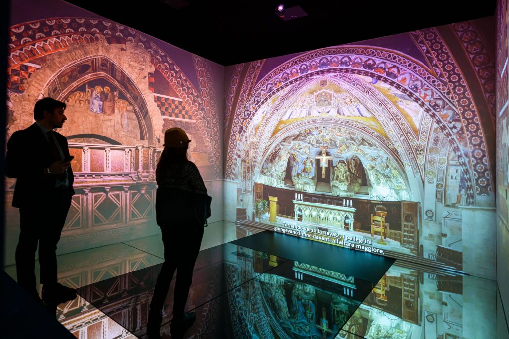 Con oltre sessanta opere e un percorso articolato in otto sezioni, la mostra non si limita a esporre, ma costruisce un discorso. Particolarmente rilevante è il lavoro di ricomposizione di polittici dispersi, così come la presentazione di opere raramente visibili e i risultati delle recenti campagne di restauro e indagine diagnostica. L’inserimento di strumenti immersivi – come il video dedicato alla Basilica di Assisi – non appare come una concessione spettacolare, ma come un tentativo di restituire la dimensione originaria dell’esperienza visiva medievale: quella del pellegrino, del devoto, del corpo in movimento nello spazio dell’immagine. In questo senso, si potrebbe dire con Walter Benjamin che ciò che qui si ricostruisce è una forma di “aura” non come distanza, ma come relazione: una prossimità carica di senso.
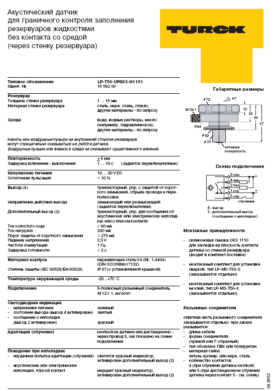 Для контролю та сигналізації рівня будуть застосовуватися акустичні датчики граничного заповнення типу LP-T50-UP6X3-H2151 фірми TURCK.
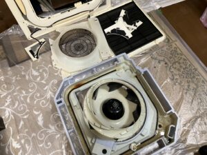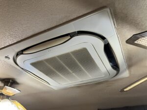 ダイキンエアコンクリーニングです。天カセ4方向エアコンクリーニングとなります。二年前ぐらいにエアコンクリーニングをされたらしく夏入るまでに綺麗にしたいとのことでした。
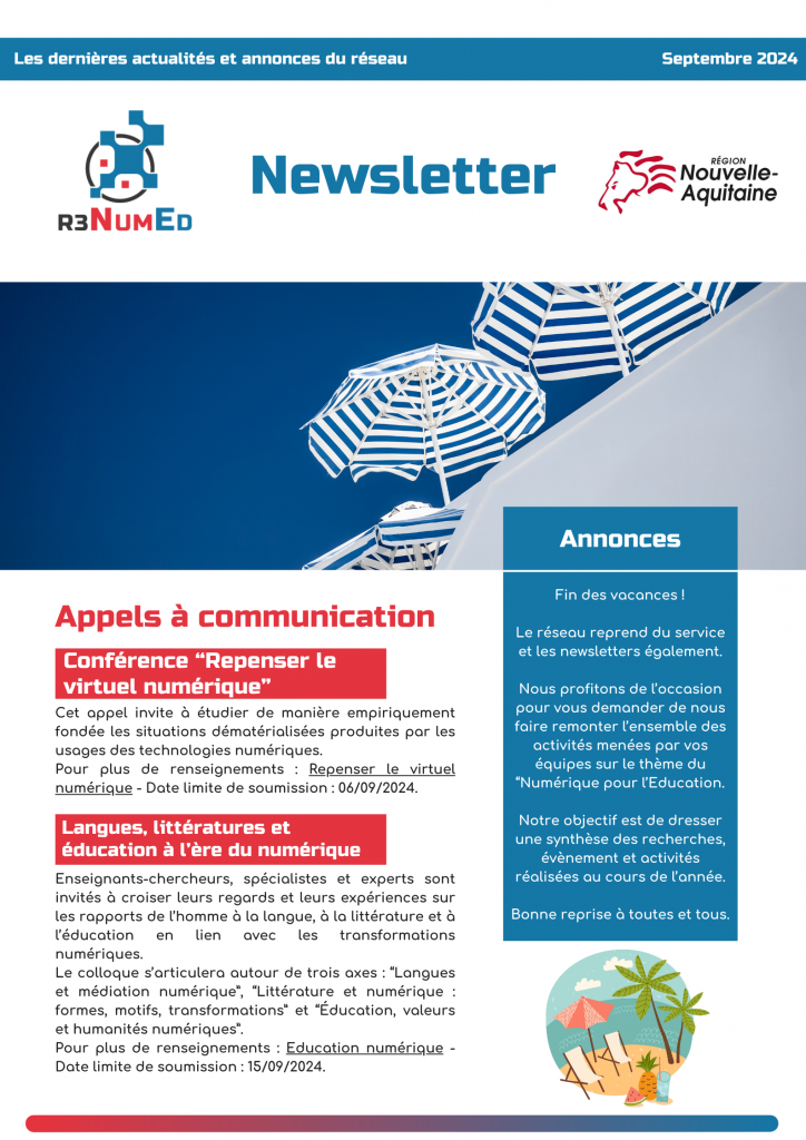Retrouvez chaque mois la Newsletter du R3 NumEd. Au programme, des appels à communications, appels à projets, annonces de soutenance, actions du réseau…
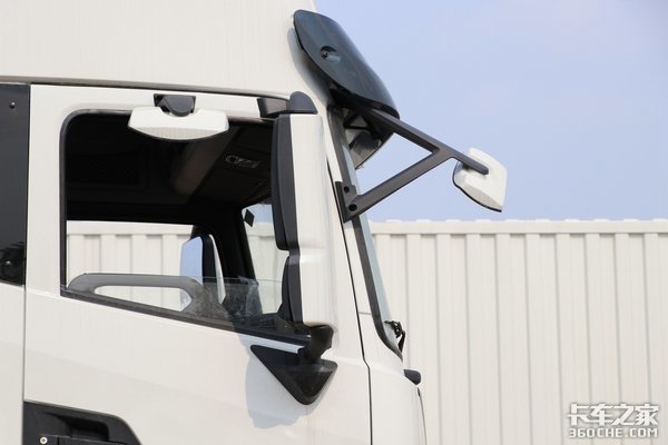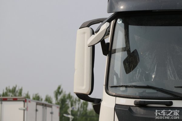 该车采用一体式后视镜设计,并且在支撑杆的造型上非常有设计感,更趋于高端重卡的配置水平。并且采用车身同色的米白色,整体效果非常耐看。
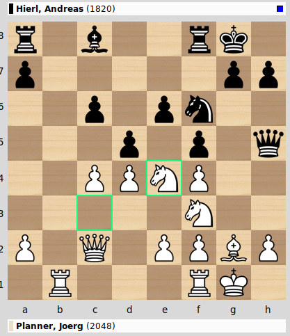 Nach 2:30 Stunden musste unser Andi Hierl an Brett 1 die Waffen strecken, nachdem er frühzeitig einen nicht offensichtlichen Fehler begangen hatte, der dem Gegner einen starken Freibauern auf der c-Linie einbrachte.
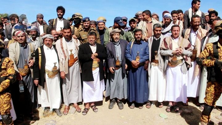 وأضاف: اليوم نقول للعدو، نحن هنا اليوم نتعافى ونتآخى لنوحّد صفنا أكثر، وما رأيته في الماضي هو الشيء القليل من أبناء الشعب اليمني أصحاب البأس والقوّة والنخوة والشهامة، وبإذن الله تعالى بعد كل هذه المواقف ستجد بأننا أكثر قوةً وأكثر تماسكاً وأكثر اهتماماً في مواجهة اعتداءاتك وعدوانك وإرهابك لبلدنا.
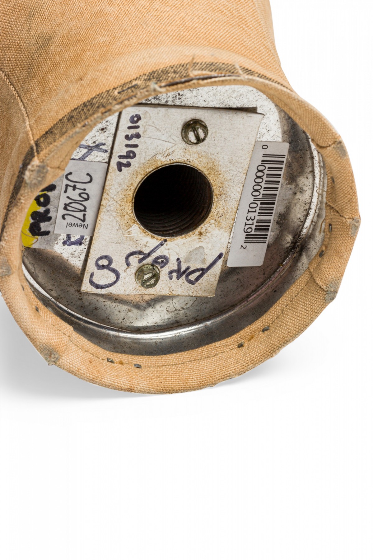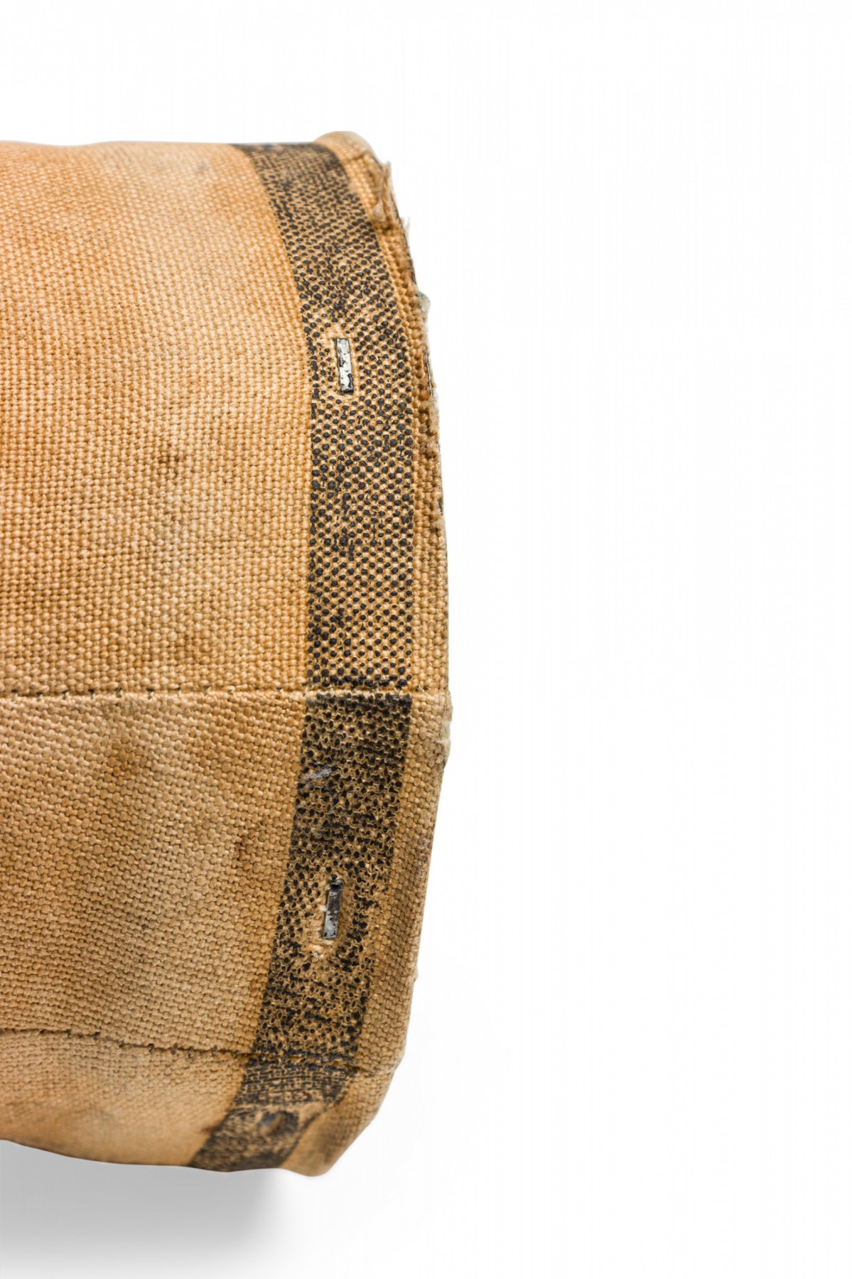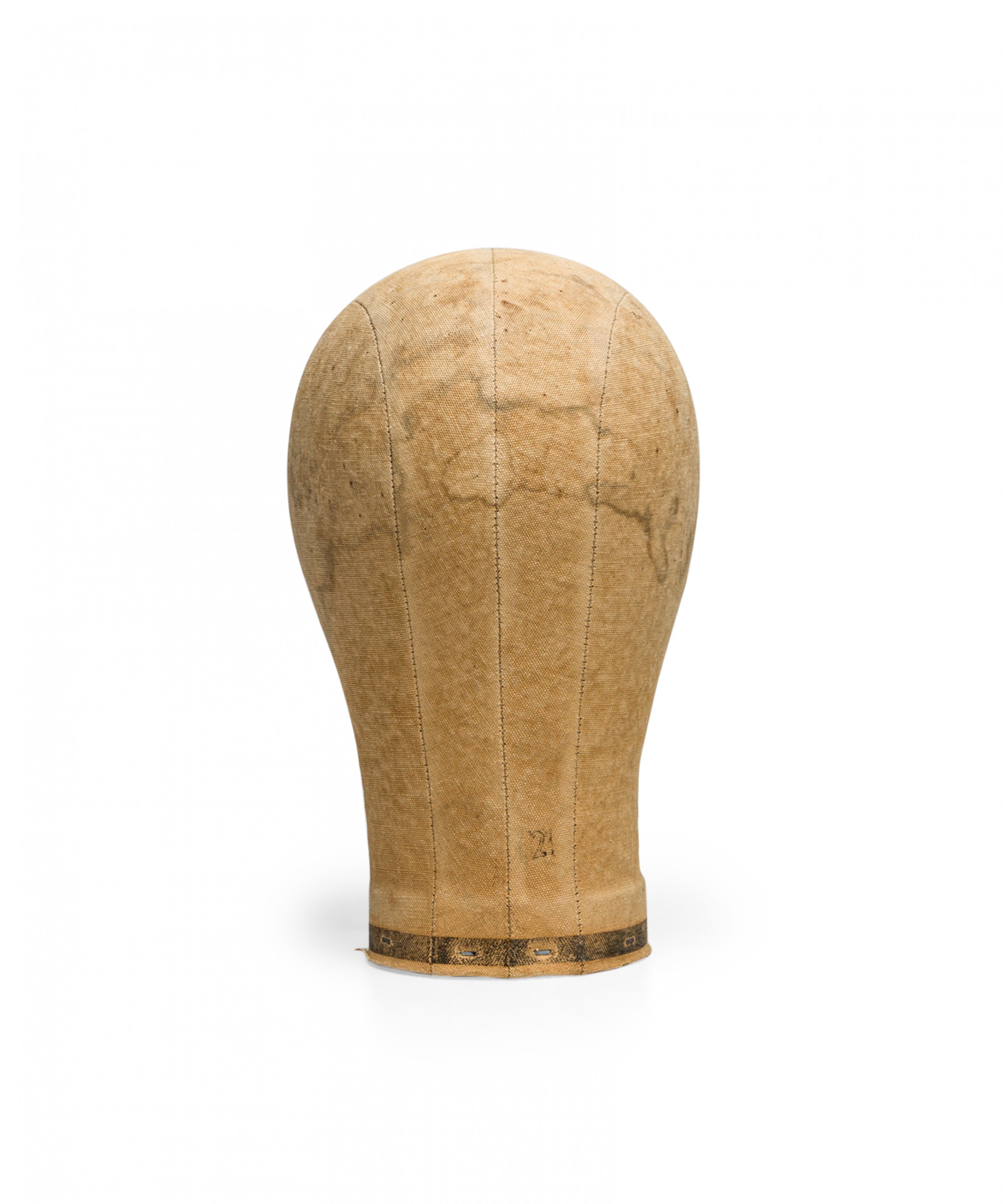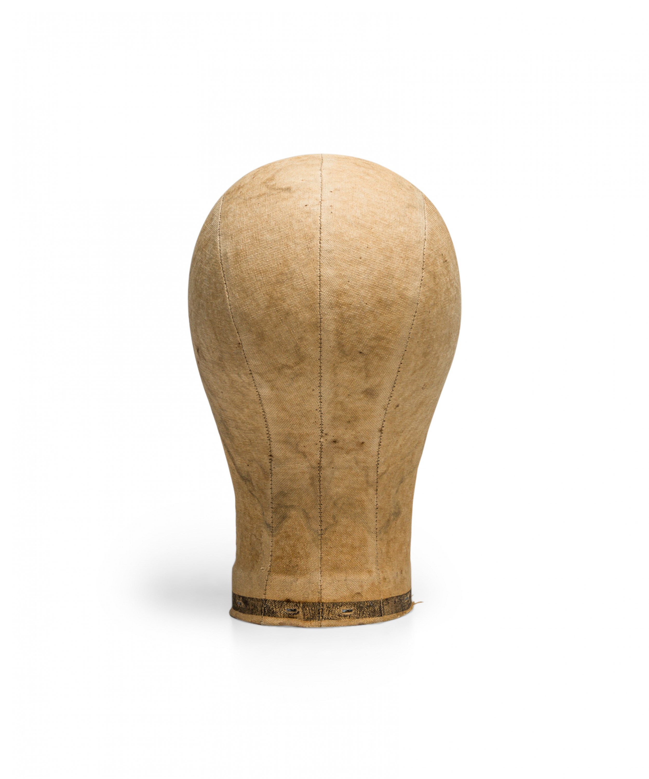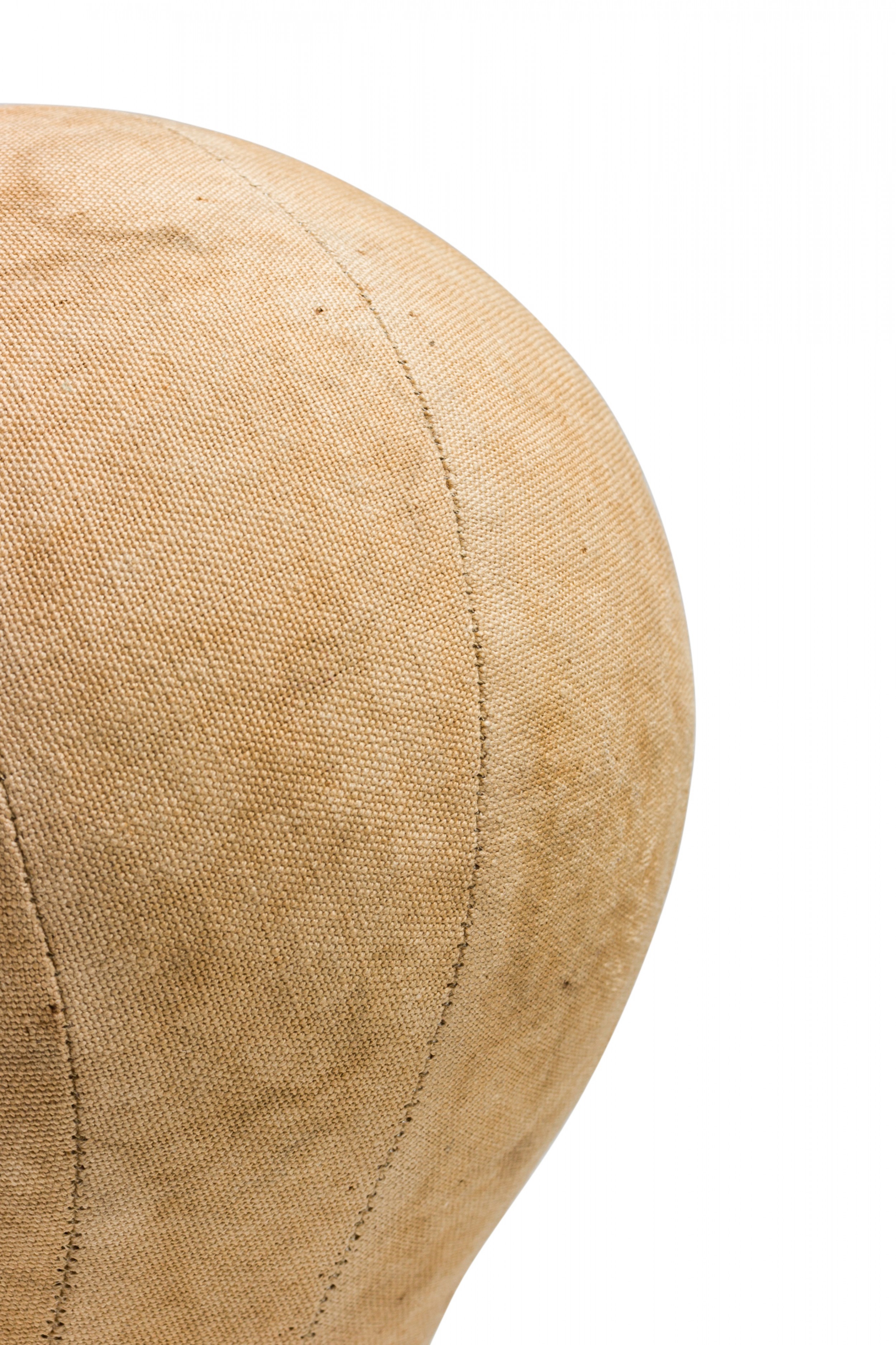 Vintage taupe-colored canvas padded millinery form on a brown circular plastic base

◆ ◆ ◆ ◆ ◆ ◆ ◆

From the line that contains "Для контролю та" to the last line of the data, print each line exactly, both ends included, and omit the pictures.

WRITTEN SOLUTION:
 Для контролю та сигналізації рівня будуть застосовуватися акустичні датчики граничного заповнення типу LP-T50-UP6X3-H2151 фірми TURCK.
 ダイキンエアコンクリーニングです。天カセ4方向エアコンクリーニングとなります。二年前ぐらいにエアコンクリーニングをされたらしく夏入るまでに綺麗にしたいとのことでした。
Retrouvez chaque mois la Newsletter du R3 NumEd. Au programme, des appels à communications, appels à projets, annonces de soutenance, actions du réseau…
 该车采用一体式后视镜设计,并且在支撑杆的造型上非常有设计感,更趋于高端重卡的配置水平。并且采用车身同色的米白色,整体效果非常耐看。
 Nach 2:30 Stunden musste unser Andi Hierl an Brett 1 die Waffen strecken, nachdem er frühzeitig einen nicht offensichtlichen Fehler begangen hatte, der dem Gegner einen starken Freibauern auf der c-Linie einbrachte.
 وأضاف: اليوم نقول للعدو، نحن هنا اليوم نتعافى ونتآخى لنوحّد صفنا أكثر، وما رأيته في الماضي هو الشيء القليل من أبناء الشعب اليمني أصحاب البأس والقوّة والنخوة والشهامة، وبإذن الله تعالى بعد كل هذه المواقف ستجد بأننا أكثر قوةً وأكثر تماسكاً وأكثر اهتماماً في مواجهة اعتداءاتك وعدوانك وإرهابك لبلدنا.
 Vintage taupe-colored canvas padded millinery form on a brown circular plastic base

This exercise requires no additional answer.